Fruitless Efforts

Post 2

 

A friend posted this quote recently and I made a half-kidding comment that it was a good #parentingtip. It echoes a true sentiment in raising the under 5 crowd, at least. The gist of it – that trying to alter permanent conditions (or people) only brings misery – keeps rolling around in my mind. It has been guiding my moment-to-moment parenting in a positive direction since, or at least pushing my mood up a notch.

Although not a new philosophy (in parenting or life), and certainly not my original idea, it came as a well-timed reminder. Addie is a homebody-to-the-bones by nature, but I cannot change that school starts at 8:30 am and does not take place at our house. What I can control, for my own happiness, is how I reconcile the two conflicting facts. She also cannot change (at least until more of her frontal lobe develops) that transitional times feel, to her, like an emotional assault, or that she has to cover her body with clothing anyway. All I can do is give her the tools to smooth it all out and wait until she grows up.

Owen, to his core, maintains high anxiety about talking to unfamiliar people. Neither of us can change that he is sometimes inclined to clam up, look away, and tremor when a waitress tells him “good morning, cutie!” But we are not interested in disrupting the social nature of pleasant greetings among humans. I am long past the times of stressing myself out in navigating his interactions, or attempting to cajole a reply from him. I refuse to thwart his genuine feelings by telling him not to be shy or that it is all okay – when it is so clearly NOT okay, to him.

Instead, I try to help him balance his need for space with the common courtesies required to participate in the world. I pat his back so he feels the safety of my presence; I gain his eye contact to keep him from checking out of the interaction; I ask him if he wants to say good morning back, or if he wants mommy to say it for him; I show warm smiles to both my bashful boy and the kind waitress.

As humans (I think) my kids have no control over fears and preferences that are parts of their temperaments, or of the natural occurrences in life that stir them up. I want them to learn that they can work with their own outlooks, attitudes, reactions, and behaviors instead.

Do not waste your lives in fruitless efforts to change others: an important lesson for my kids as well. Owen took your fairy tales book and pulled your hair? Addie stuck her finger in the frosting on your cupcake? That behavior was not okay but you still need to use your words, move away, ask for help, or let it go.Those are the reactions my kids can control, the responses for which I want them to strive, and the behavior that gets everyone back to copasetic with the least grief.

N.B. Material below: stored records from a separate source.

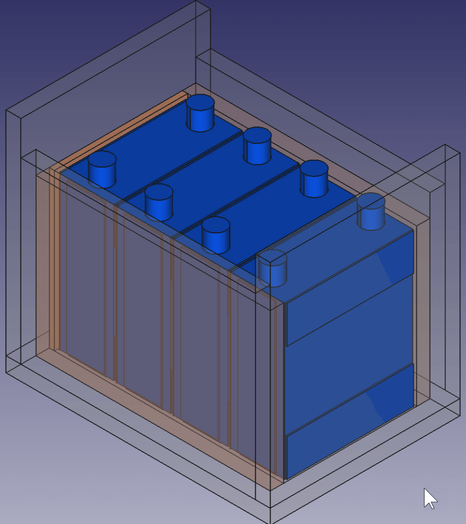 Empty utz RAKO box 600mm x 400mm x 325mmBox with batteries and electronic components on topView of frame with cells inside box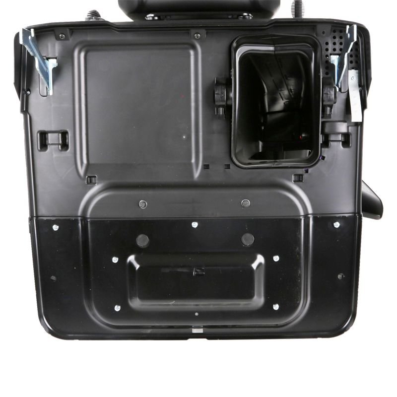 - Sistema de descarga lateral, posterior y de recolección con 150 lt y canasta tipo mulching que pulveriza el césped cortado y lo libera en el suelo como fertilizante natural.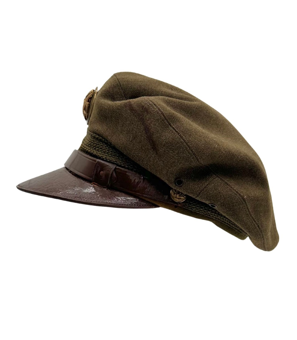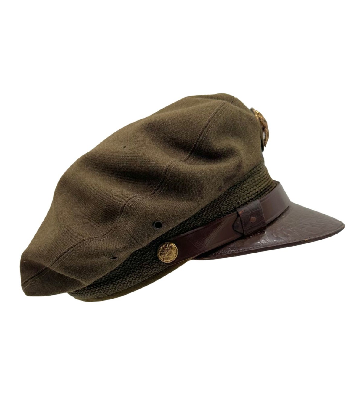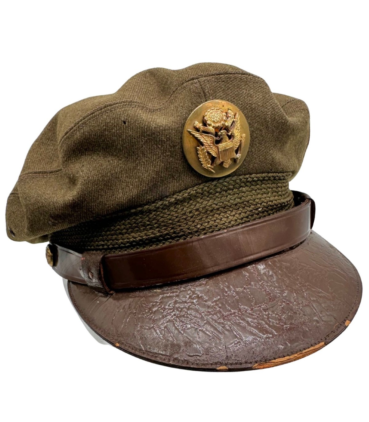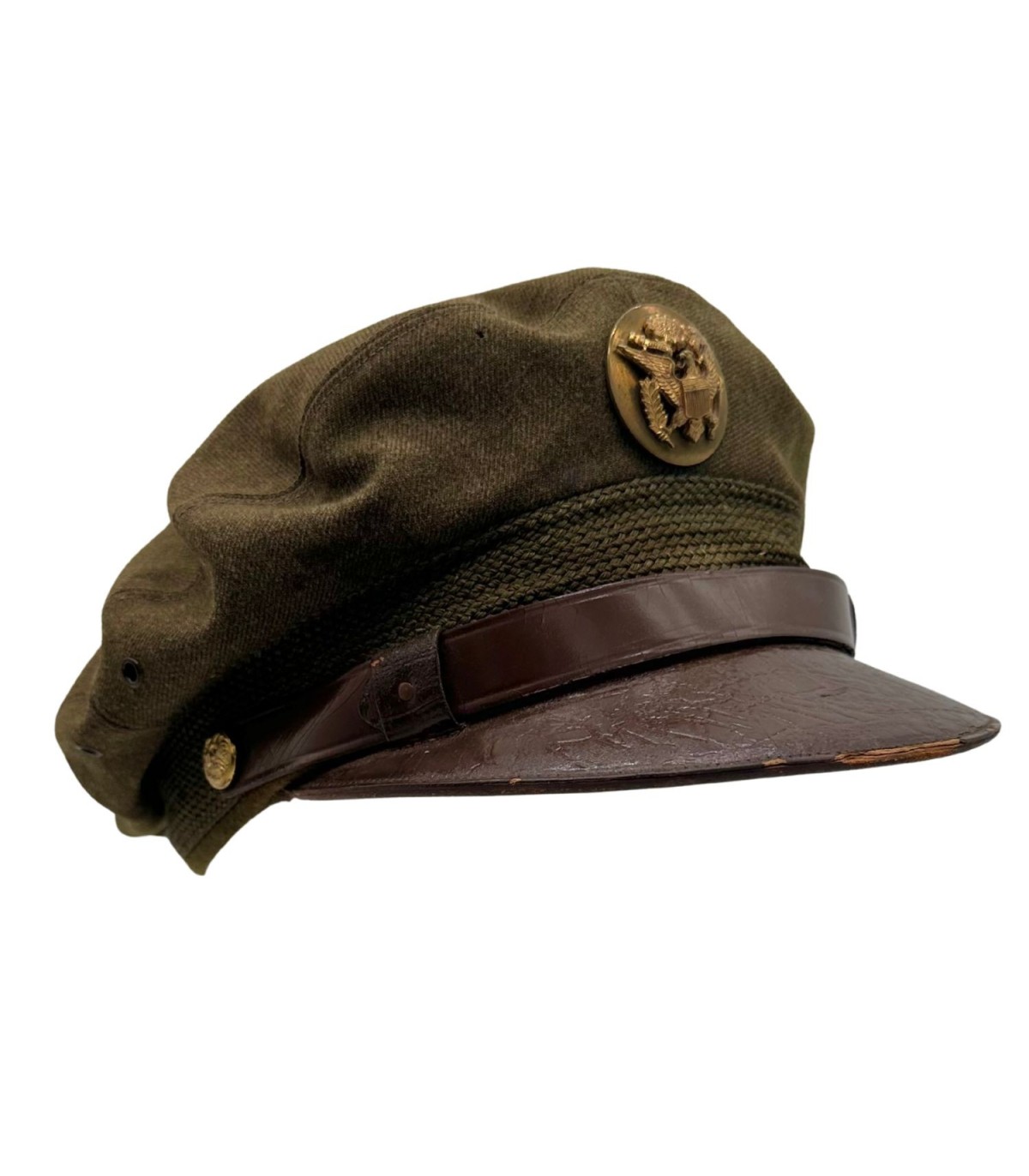 Portée par les équipages de B-17, B-24 et P-51, cette casquette en gabardine de laine Olive Drab était accompagnée de la rondache troupe ou insigne de casquette officier.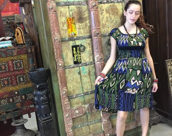 Evelyn Womens Resort Beach Dress Green Spaghetti Strap Recycled Sari Vintage Printed Summer Holiday Sundress S/M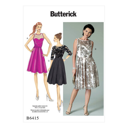 Butterick Kleider mit Herzausschnitt und Faltenrock für Damen B6415 - Schnittmuster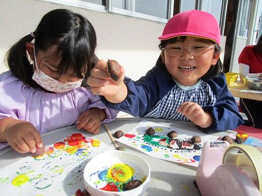 スタンプの土台は、切ったさつまいもやクルミの殻です。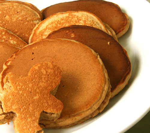 In a separate bowl or large liquid measuring cup, whisk together milk, molasses, eggs and oil.  Add the liquid ingredients to the dry ingredients all at once whisking only 10-15 times so that batter is just combined but there are still some lumps.  Over mixing will cause the pancakes to be tough.   Ladle pancake batter onto pan.  Cook on the first side until bubbles start to form on the batter or take a peek with your spatula and flip it when it begins to look brown/golden.  Cook another minute or two until pancakes look done.  Do not press your spatula on top of the pancake, thinking that will help it cook all the way through.  This would eliminate air pockets and thus create a denser, tougher pancake.  That is not what we are going for here.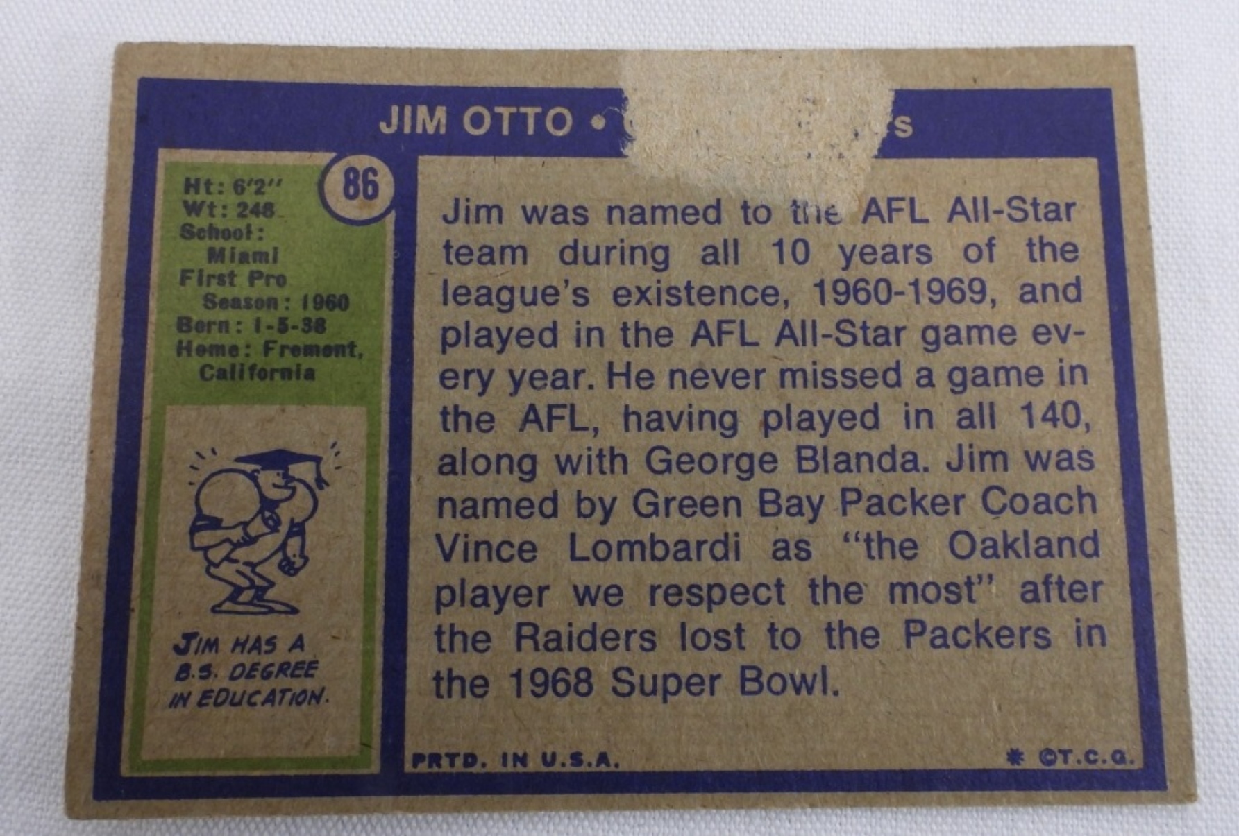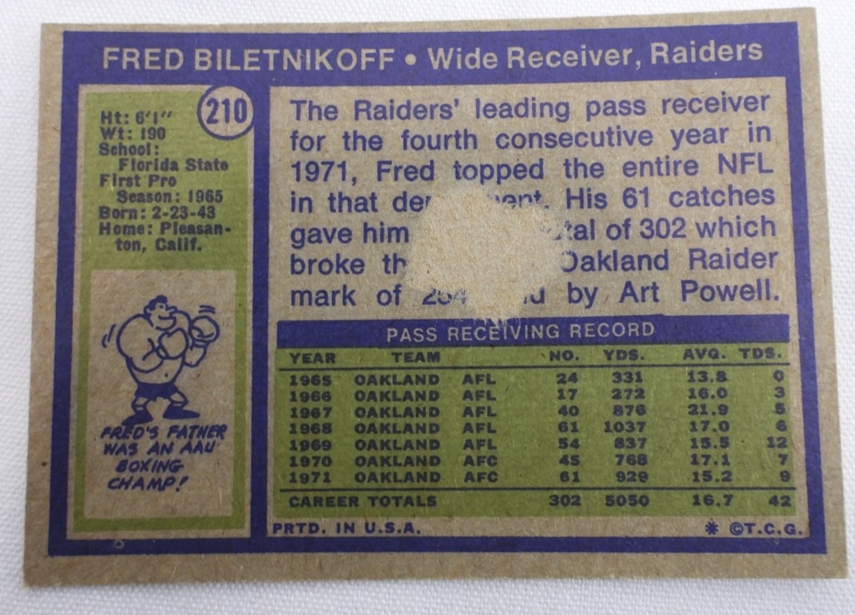 Great shape. Fred Biletnikoff is missing some words on the back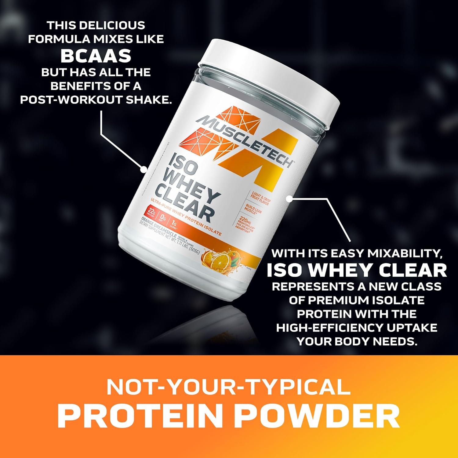 About this item A Lighter, Cleaner Protein Experience: MuscleTech Iso Whey Clear is a breakthrough alternative for those looking for a light, clean way to get their protein. Orange Dreamsicle flavor. 19 servings. Not-Your-Typical-Protein: We’ve put a new spin on the usual milkshake-based protein. This delicious formula mixes like BCAAs, but has all the benefits of a post-workout shake, with 22g of pure whey protein isolate. Unmatched Formula: With its easy mixability, Iso Whey Clear represents a new of premium isolate protein with the high-efficiency uptake your body needs. Mind-Blowing Flavor: Your goals are so close you can taste ‘em. We worked tirelessly with the world’s top flavor houses to produce something you’ll love. Directions: Mix 1 scoop in 12 oz. of water in a shaker cup. Shake vigorously and let rest for 30 to 60 seconds, as the powder transforms into a translucent protein beverage. Pushing the Limits of Science and Human Potential: MuscleTech’s commitment to research, development, and innovation is the reason we continue to be an elite name for redefining performance through cutting-edge products and high-quality ingredients. › See more product details,A Lighter, Cleaner Protein Experience: MuscleTech Iso Whey Clear is a breakthrough alternative for those looking for a light, clean way to get their protein. Orange Dreamsicle flavor. 19 servings,Not-Your-Typical-Protein: We’ve put a new spin on the usual milkshake-based protein. This delicious formula mixes like BCAAs, but has all the benefits of a post-workout shake, with 22g of pure whey protein isolate,Unmatched Formula: With its easy mixability, Iso Whey Clear represents a new of premium isolate protein with the high-efficiency uptake your body needs,Mind-Blowing Flavor: Your goals are so close you can taste ‘em. We worked tirelessly with the world’s top flavor houses to produce something you’ll love,Directions: Mix 1 scoop in 12 oz. of water in a shaker cup. Shake vigorously and let rest for 30 to 60 seconds, as the powder transforms into a translucent protein beverage,Pushing the Limits of Science and Human Potential: MuscleTech’s commitment to research, development, and innovation is the reason we continue to be an elite name for redefining performance through cutting-edge products and high-quality ingredients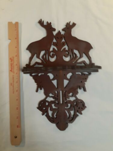 VINTAGE BLACK FOREST DEER STAG/RAM WOOD SHELF ornate wall tramp art fretwork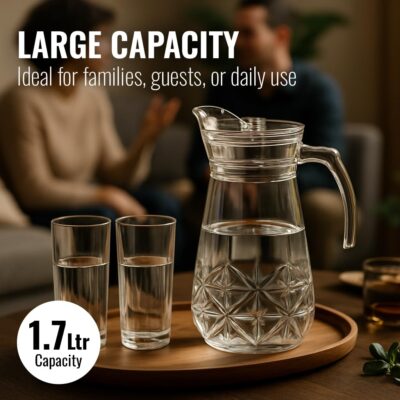 Be the first to review “Cristello 1700 ml Glass Water Jug with Lid | Elegant Transparent Pitcher for Dining Table | Detox Jug for Juice, Iced Tea, Milk & Infused Water”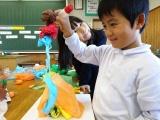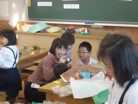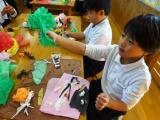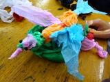 1年生は,図工の時間に色薄紙をくしゃくしゃにして,丸めたりねじったり結んだり重ねたりしてイメージを広げながら,自分の表したいものをつくりました。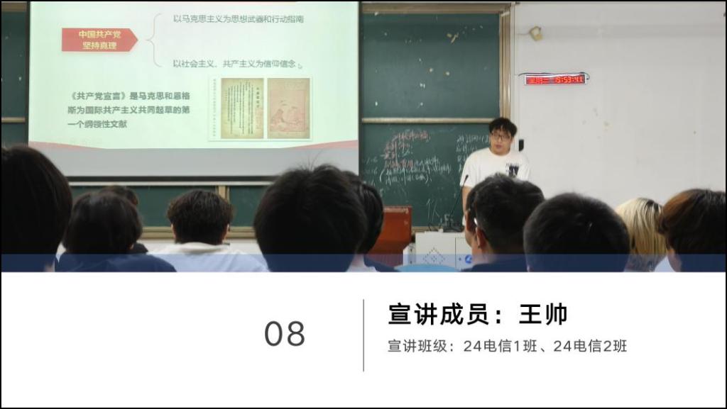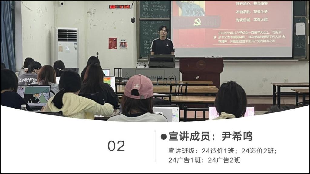 5月19日至6月5日,“青年说”宣讲团历时三周,深入全校六个学院班级课堂,开展“伟大建党精神”主题巡讲,共计完成28场宣讲,累计覆盖 2000余人次。成员聚焦“坚持真理、坚守理想,践行初心、担当使命,不怕牺牲、英勇斗争,对党忠诚、不负人民”的核心内涵,巧妙运用青年视角与鲜活语言,将党的奋斗历程与精神谱系转化为青年学子易于理解、引发共鸣的生动讲述,使理论宣讲转化为朋辈间真诚的思想对话,引发广泛共鸣。此次宣讲活动搭建了青年自我教育、朋辈互学的新平台,让伟大建党精神在青年群体中焕发时代活力。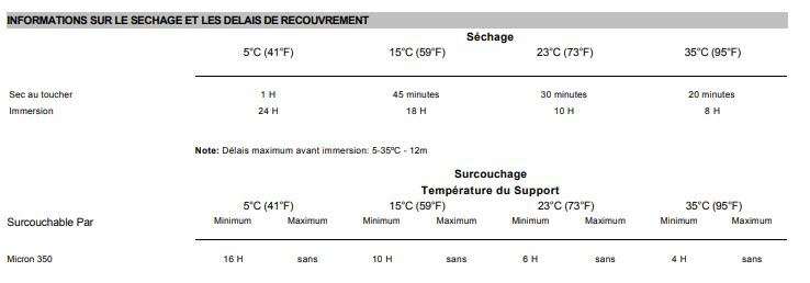 Au Pistolet (Applicateurs professionnels uniquement) Appliquer 1 couches de 120 microns secs pour 12 mois (épaisseur sèche totale de 120 microns) Appliquer 2 couches de 90 microns secs pour 24 mois(épaisseur sèche totale de 180 microns)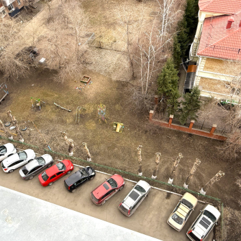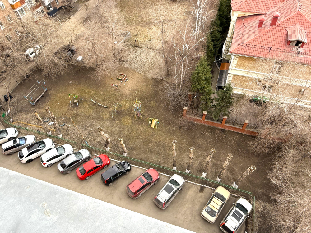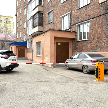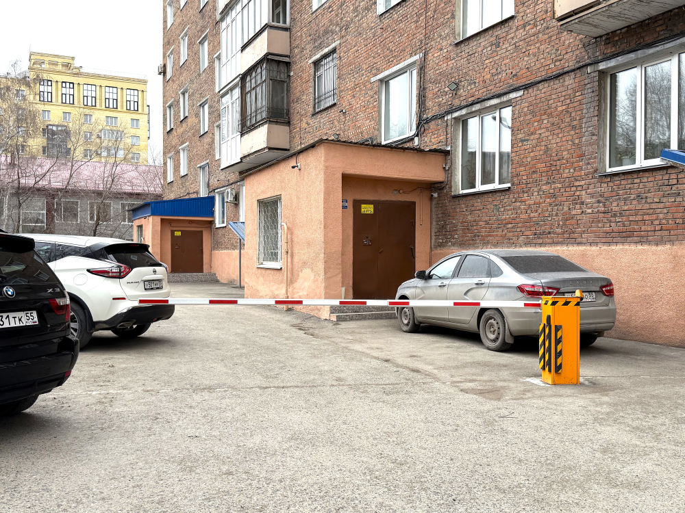 Во дворе детская площадка, есть места для парковки автомобиля, въезд во двор через шлагбаум.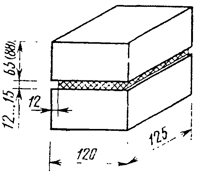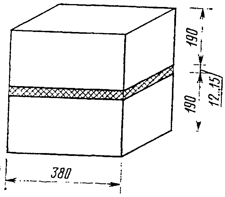 Пластинки изготавливают в виде квадрата, сторона которого в 1,5 раза должна превышать толщину пластинки, равную толщине шва. Склеивание пластинок раствора для получения кубов с ребрами 3 - 4 см и выравнивание их поверхностей производят при помощи тонкого слоя гипсового теста (1 - 2 мм). Прочность раствора должна определяться как среднее арифметическое результатов испытаний пяти образцов.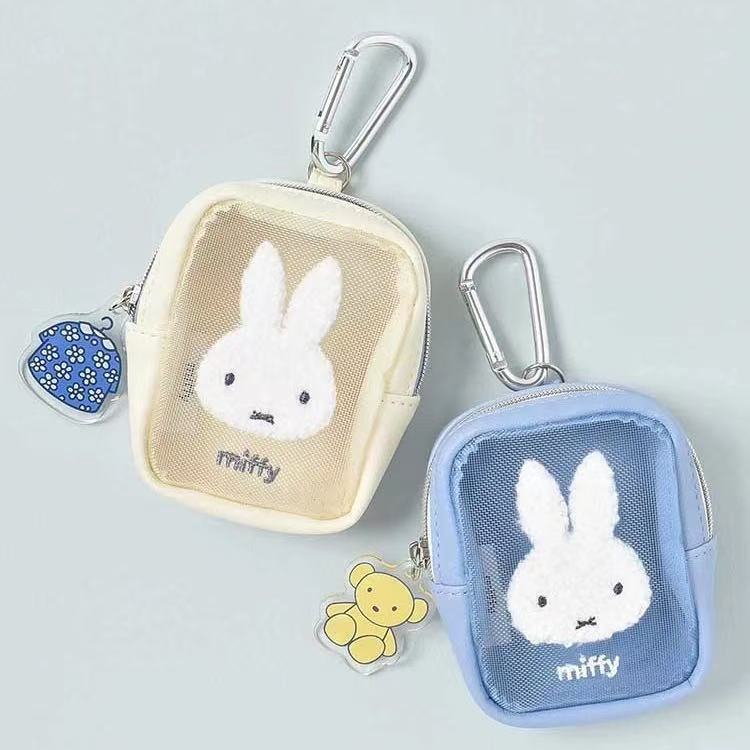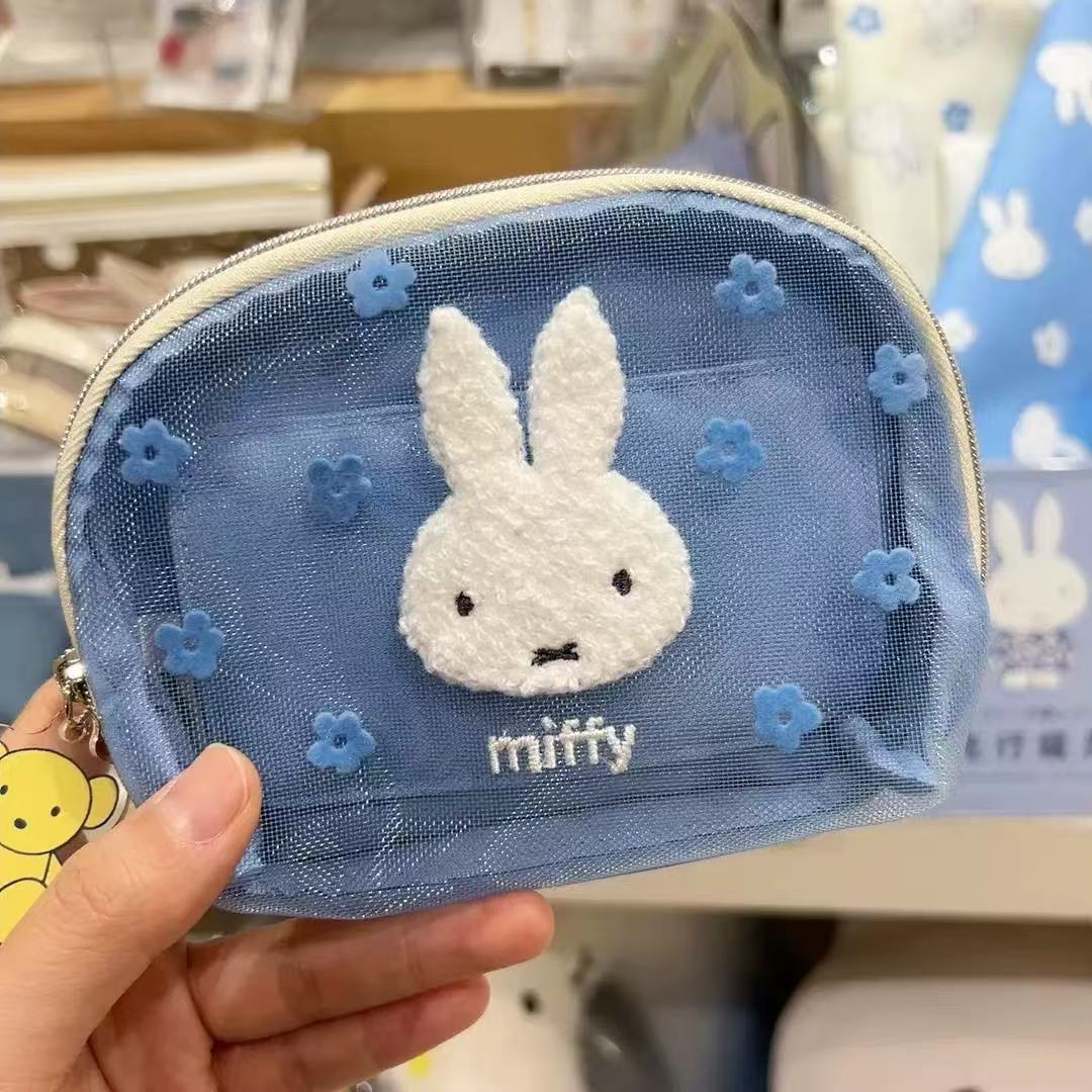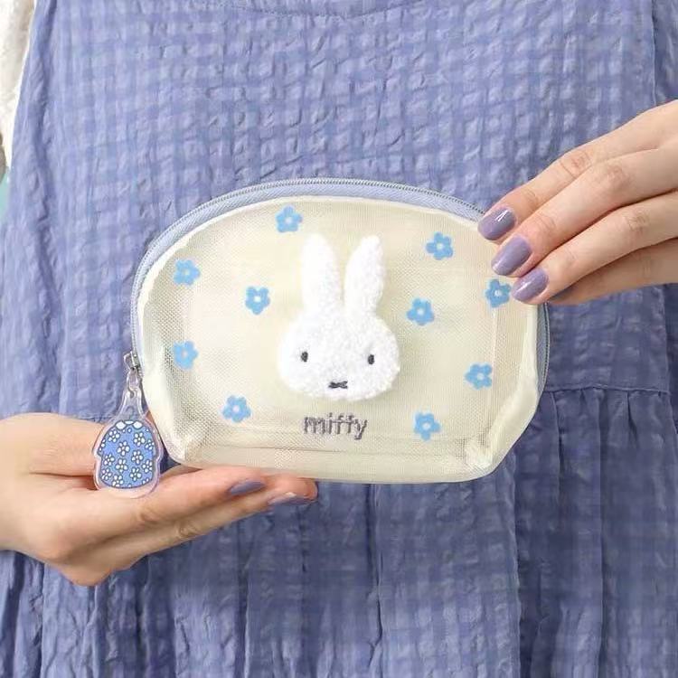 现货日系卡通刺绣化妆包网纱透明姨妈巾收纳包零钱卡包钥匙挂件包

The most fulfilling shift is when I can reframe things that may not be permanent, but make me crazy in the moment. If I change my verbal reaction to their shitshow, and help them to look at themselves more positively, it is a win for us all. It sure feels better to hear: you are so creative and have the biggest ideas for art projects, BUT we will have to save that one for another time, than: I told you six times already I am NOT getting out glue and scissors and making a mess right now – stop pestering me! It feels better to say: it is so great that you love to drive your trucks around, and you are such a good boy to play quietly by yourself, BUT we have to say goodbye to them now and take a nap, than it does to get exasperated and toss him into his bed while he cries.

“The fountain of content must spring up in the mind, and he who hath so little knowledge of human nature as to seek happiness by changing anything but his own disposition will waste his life in fruitless efforts and multiply the grief which he proposes to remove.”  – Samuel Johnson

I realize, with these wise words in mind all week, that it is foolish trying to control other humans in the first place (not to mention infuriating, exhausting, and utterly pointless). In no other circumstance would I attempt it. I cannot make the person in front of me in line move faster because I am running late, or expect my husband to change into a mind reader to better suit my needs, or require better grammar from strangers just to please my picky ears. All fruitless efforts, and who has the energy for those?

As for my mama mental fountain I am finding it unfair to rest my feelings of content or discontent on my kids. They are small, and their own people, and right now there is a disconnect between their true nature and the rules of the civilized world. My happiness is instantly thwarted when I get sucked into the why can’t my kids be different vortex. I can guide and assist them, and I can control my reactionl when they act like monsters, and that is it. Except when they have I love you more contests with me, or offer unsolicited acts of kindness to each other. I am more than willing to let those good vibes change my disposition.